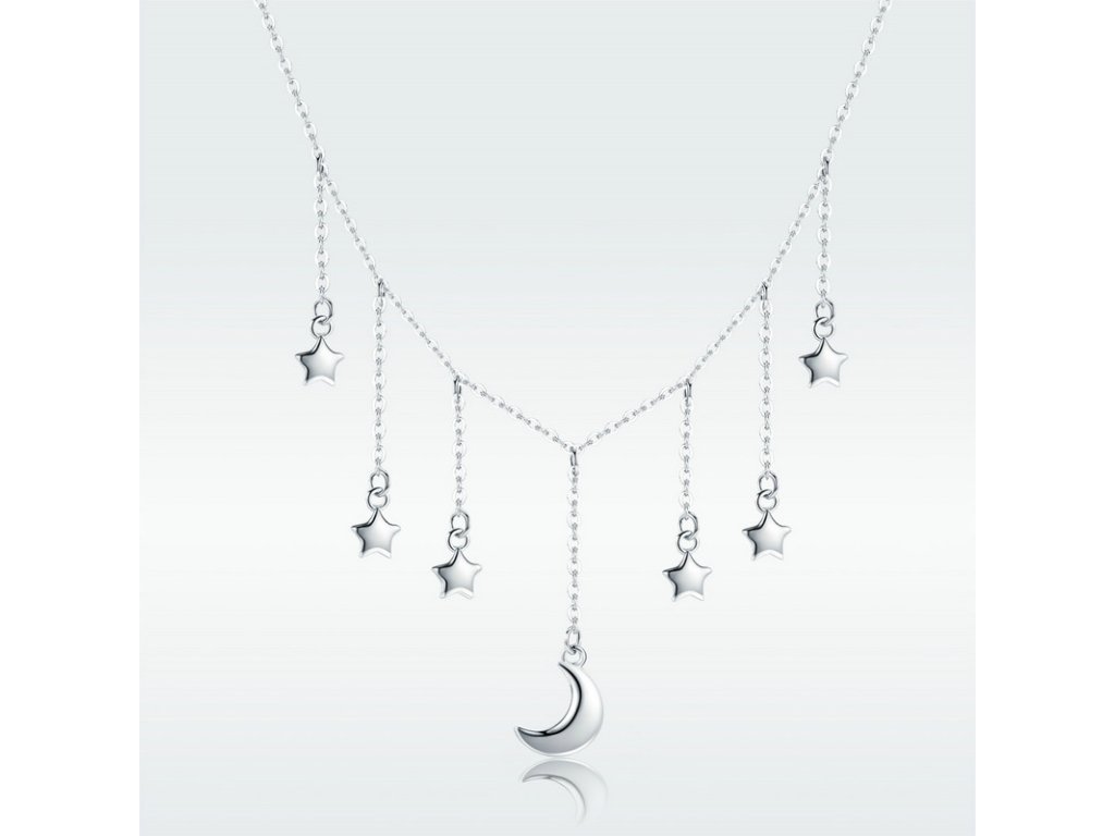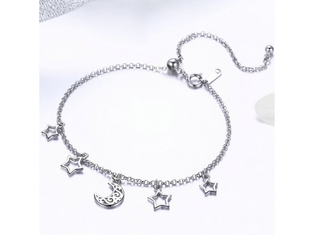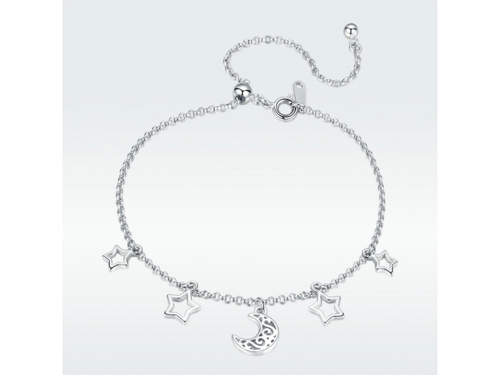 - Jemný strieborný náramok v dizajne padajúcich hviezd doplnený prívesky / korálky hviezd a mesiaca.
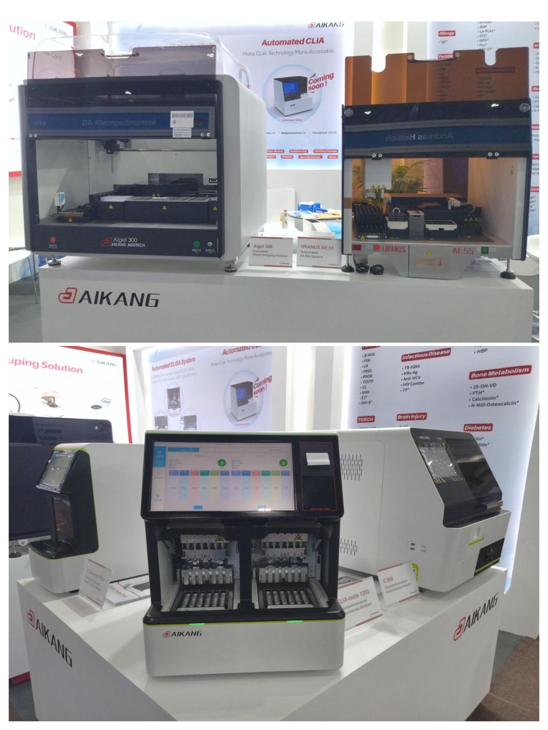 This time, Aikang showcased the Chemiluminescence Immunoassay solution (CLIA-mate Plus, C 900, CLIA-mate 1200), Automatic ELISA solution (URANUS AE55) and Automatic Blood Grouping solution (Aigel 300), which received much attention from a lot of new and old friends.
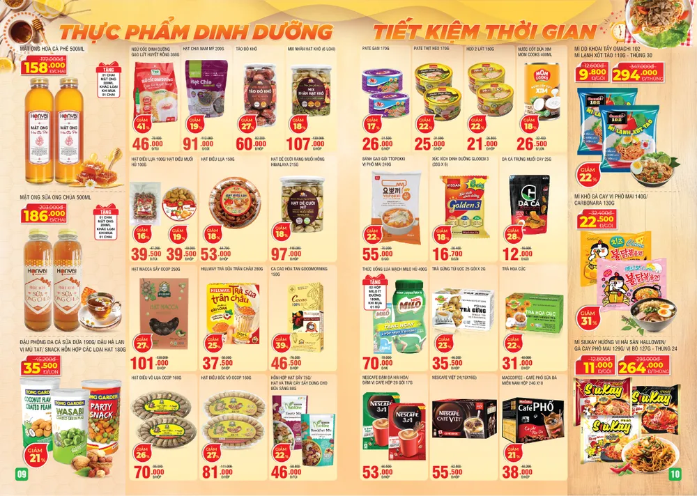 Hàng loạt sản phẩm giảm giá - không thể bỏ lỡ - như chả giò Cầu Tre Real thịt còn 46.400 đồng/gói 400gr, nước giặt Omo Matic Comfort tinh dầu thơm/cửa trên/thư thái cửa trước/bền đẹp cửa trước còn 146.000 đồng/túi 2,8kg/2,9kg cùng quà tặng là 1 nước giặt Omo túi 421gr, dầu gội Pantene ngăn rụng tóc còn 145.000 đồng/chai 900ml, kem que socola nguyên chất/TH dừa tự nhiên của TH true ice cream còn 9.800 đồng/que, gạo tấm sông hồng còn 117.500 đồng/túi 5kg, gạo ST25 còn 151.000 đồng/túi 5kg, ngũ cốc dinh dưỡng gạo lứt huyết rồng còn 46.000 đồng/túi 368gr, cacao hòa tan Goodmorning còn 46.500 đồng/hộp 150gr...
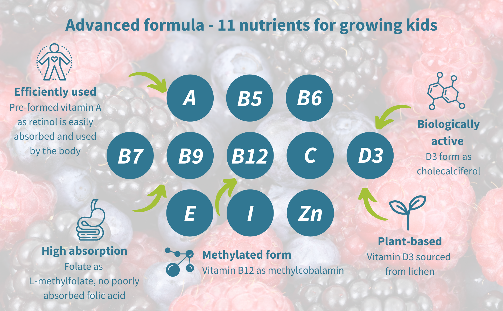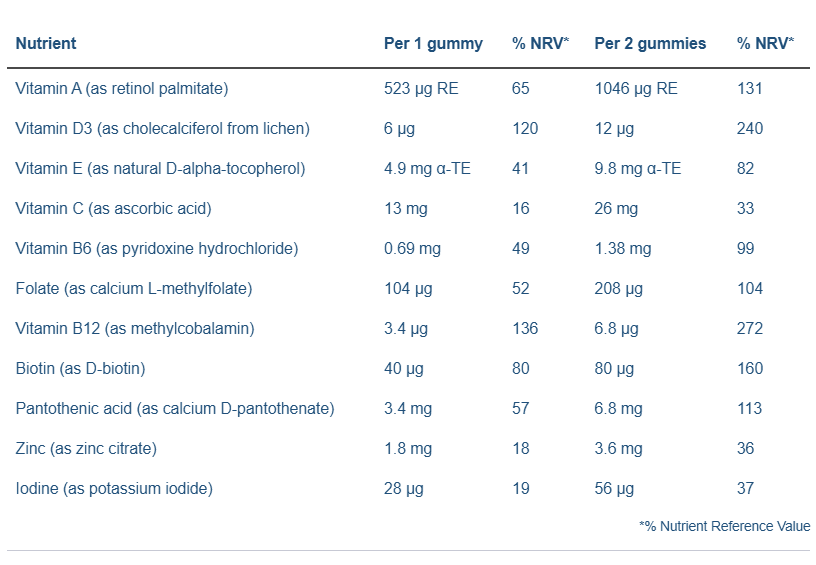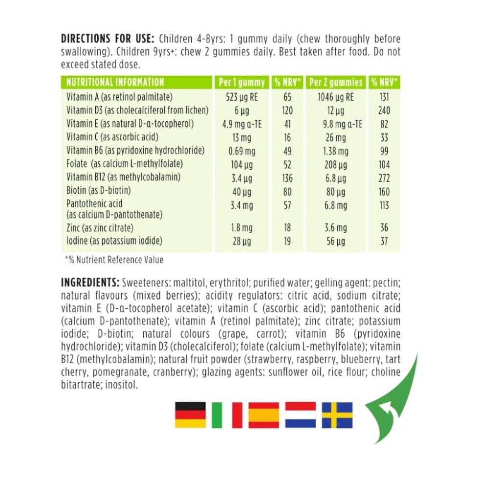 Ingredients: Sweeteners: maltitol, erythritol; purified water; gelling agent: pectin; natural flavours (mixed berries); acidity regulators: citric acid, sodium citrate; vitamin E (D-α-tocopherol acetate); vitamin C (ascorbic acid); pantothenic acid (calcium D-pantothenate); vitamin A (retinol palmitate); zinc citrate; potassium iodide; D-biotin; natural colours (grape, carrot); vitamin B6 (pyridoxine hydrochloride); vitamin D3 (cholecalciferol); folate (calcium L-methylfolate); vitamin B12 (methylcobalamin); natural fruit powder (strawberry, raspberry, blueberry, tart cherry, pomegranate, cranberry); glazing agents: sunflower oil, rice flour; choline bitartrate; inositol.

--

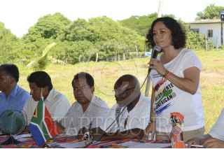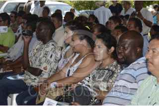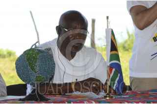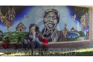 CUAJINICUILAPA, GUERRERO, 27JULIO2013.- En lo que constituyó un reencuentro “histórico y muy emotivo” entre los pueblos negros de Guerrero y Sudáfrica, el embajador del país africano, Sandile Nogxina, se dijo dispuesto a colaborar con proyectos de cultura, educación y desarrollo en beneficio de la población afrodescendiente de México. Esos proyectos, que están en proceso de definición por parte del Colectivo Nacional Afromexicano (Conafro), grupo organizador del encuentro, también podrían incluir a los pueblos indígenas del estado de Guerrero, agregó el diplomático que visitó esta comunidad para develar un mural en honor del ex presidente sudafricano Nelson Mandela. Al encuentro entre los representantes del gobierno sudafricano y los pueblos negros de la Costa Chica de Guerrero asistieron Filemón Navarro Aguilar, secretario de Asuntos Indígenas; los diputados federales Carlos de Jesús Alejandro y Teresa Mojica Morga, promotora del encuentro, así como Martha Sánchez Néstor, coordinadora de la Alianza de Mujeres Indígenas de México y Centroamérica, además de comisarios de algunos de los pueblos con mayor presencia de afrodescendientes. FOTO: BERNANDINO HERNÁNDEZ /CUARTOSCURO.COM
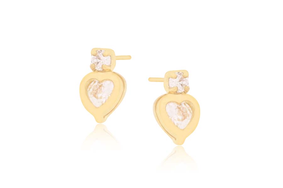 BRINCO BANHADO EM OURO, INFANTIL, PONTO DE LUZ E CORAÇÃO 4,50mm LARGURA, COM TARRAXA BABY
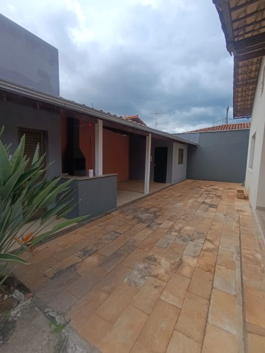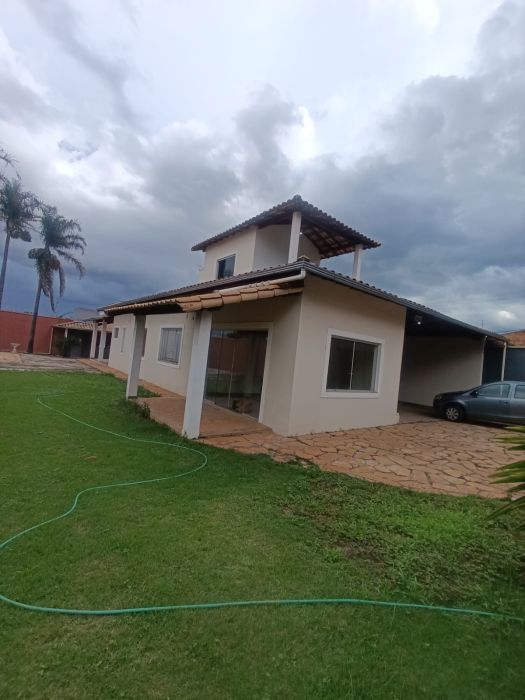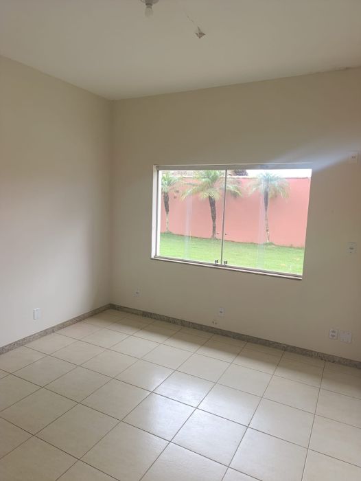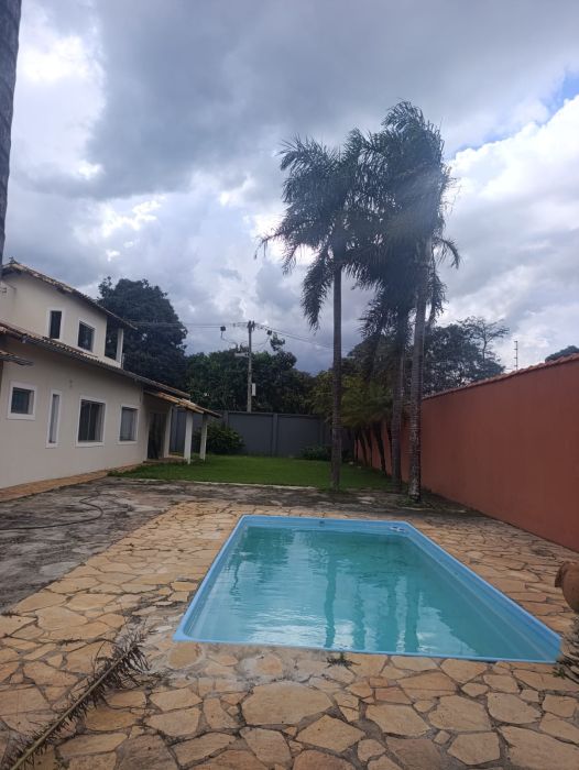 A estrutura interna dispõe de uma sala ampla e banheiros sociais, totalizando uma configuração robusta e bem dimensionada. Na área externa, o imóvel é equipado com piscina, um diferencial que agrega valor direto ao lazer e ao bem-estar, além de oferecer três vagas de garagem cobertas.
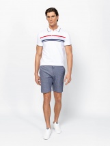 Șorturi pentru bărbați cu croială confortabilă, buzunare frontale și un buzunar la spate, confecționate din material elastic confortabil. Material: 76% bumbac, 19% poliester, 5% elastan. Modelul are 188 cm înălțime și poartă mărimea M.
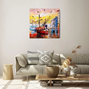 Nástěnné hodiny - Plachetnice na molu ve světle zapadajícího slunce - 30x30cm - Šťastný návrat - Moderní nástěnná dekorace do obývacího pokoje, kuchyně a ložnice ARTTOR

--

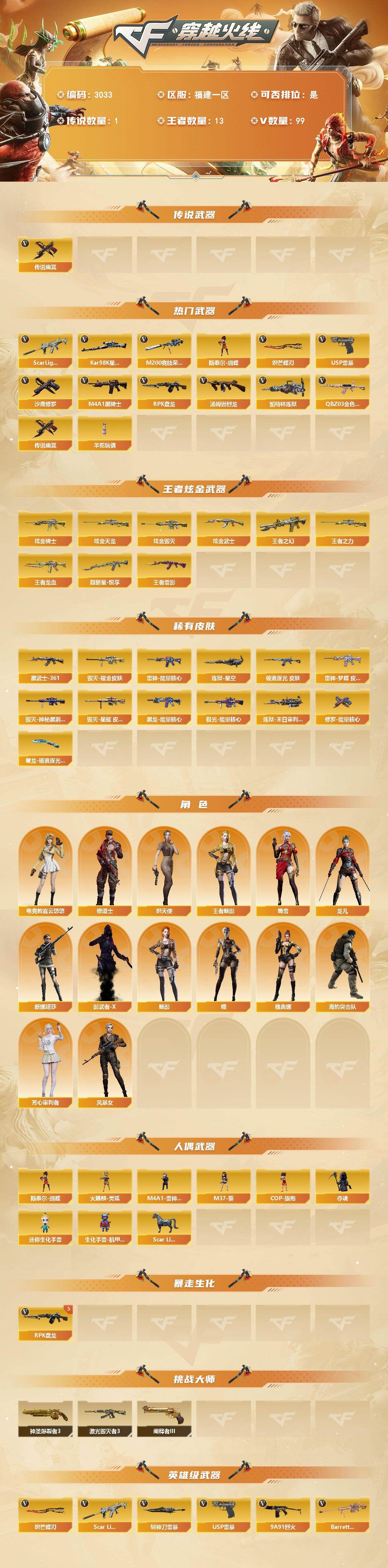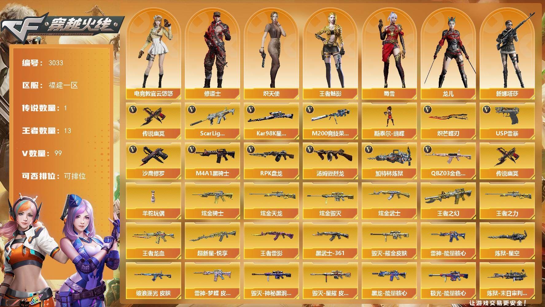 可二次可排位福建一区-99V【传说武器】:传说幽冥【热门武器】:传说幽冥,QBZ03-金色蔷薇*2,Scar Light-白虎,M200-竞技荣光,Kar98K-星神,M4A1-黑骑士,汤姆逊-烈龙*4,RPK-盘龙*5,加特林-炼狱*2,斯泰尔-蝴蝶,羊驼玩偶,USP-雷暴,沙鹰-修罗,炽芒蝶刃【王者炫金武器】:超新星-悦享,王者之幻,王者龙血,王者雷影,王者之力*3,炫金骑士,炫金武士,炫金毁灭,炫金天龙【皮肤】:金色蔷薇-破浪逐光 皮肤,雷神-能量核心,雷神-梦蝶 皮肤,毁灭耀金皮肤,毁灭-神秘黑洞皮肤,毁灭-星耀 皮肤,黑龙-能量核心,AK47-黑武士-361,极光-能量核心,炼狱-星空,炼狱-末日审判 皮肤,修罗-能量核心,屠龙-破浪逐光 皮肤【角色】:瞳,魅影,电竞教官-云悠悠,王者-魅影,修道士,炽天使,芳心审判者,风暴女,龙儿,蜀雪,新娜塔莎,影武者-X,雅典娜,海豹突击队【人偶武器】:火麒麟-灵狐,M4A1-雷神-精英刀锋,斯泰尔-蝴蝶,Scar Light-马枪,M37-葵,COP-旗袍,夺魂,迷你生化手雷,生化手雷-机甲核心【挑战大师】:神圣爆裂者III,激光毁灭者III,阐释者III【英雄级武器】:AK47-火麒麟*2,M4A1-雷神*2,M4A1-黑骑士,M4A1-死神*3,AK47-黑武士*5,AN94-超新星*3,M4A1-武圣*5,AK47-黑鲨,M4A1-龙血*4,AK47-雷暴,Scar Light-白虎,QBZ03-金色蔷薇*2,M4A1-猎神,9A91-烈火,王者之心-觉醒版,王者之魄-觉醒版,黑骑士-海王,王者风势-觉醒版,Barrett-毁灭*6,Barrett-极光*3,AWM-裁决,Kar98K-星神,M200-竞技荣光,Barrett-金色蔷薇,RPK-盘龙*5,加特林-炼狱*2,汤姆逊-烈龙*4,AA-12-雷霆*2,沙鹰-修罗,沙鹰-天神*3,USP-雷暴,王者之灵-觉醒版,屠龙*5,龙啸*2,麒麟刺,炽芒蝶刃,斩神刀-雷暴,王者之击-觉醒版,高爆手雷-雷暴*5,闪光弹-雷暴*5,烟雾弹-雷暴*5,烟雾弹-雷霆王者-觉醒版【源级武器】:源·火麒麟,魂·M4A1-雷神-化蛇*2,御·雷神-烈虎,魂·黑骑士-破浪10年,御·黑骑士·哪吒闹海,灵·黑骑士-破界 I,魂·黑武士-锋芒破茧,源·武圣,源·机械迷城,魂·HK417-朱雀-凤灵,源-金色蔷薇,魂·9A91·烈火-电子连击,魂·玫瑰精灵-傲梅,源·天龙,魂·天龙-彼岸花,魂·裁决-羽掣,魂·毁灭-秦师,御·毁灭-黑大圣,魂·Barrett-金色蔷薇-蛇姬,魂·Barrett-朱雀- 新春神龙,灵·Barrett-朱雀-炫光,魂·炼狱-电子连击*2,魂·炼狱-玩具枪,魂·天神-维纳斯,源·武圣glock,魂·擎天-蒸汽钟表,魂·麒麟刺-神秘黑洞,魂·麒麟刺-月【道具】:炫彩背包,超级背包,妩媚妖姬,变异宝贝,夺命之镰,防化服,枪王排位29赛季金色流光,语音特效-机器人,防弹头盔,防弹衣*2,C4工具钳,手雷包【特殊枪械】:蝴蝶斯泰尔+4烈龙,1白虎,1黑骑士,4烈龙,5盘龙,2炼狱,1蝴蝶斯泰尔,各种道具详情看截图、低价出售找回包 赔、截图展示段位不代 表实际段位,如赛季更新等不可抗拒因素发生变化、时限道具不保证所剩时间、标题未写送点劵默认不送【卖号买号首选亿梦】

> **Your instructions**
Here the job is to copy the stretch of records from the line containing "- Jemný strieborný" through the line containing "This time, Aikang", word for word. Leave every picture out.

> **Exercise solution**
 - Jemný strieborný náramok v dizajne padajúcich hviezd doplnený prívesky / korálky hviezd a mesiaca.
 This time, Aikang showcased the Chemiluminescence Immunoassay solution (CLIA-mate Plus, C 900, CLIA-mate 1200), Automatic ELISA solution (URANUS AE55) and Automatic Blood Grouping solution (Aigel 300), which received much attention from a lot of new and old friends.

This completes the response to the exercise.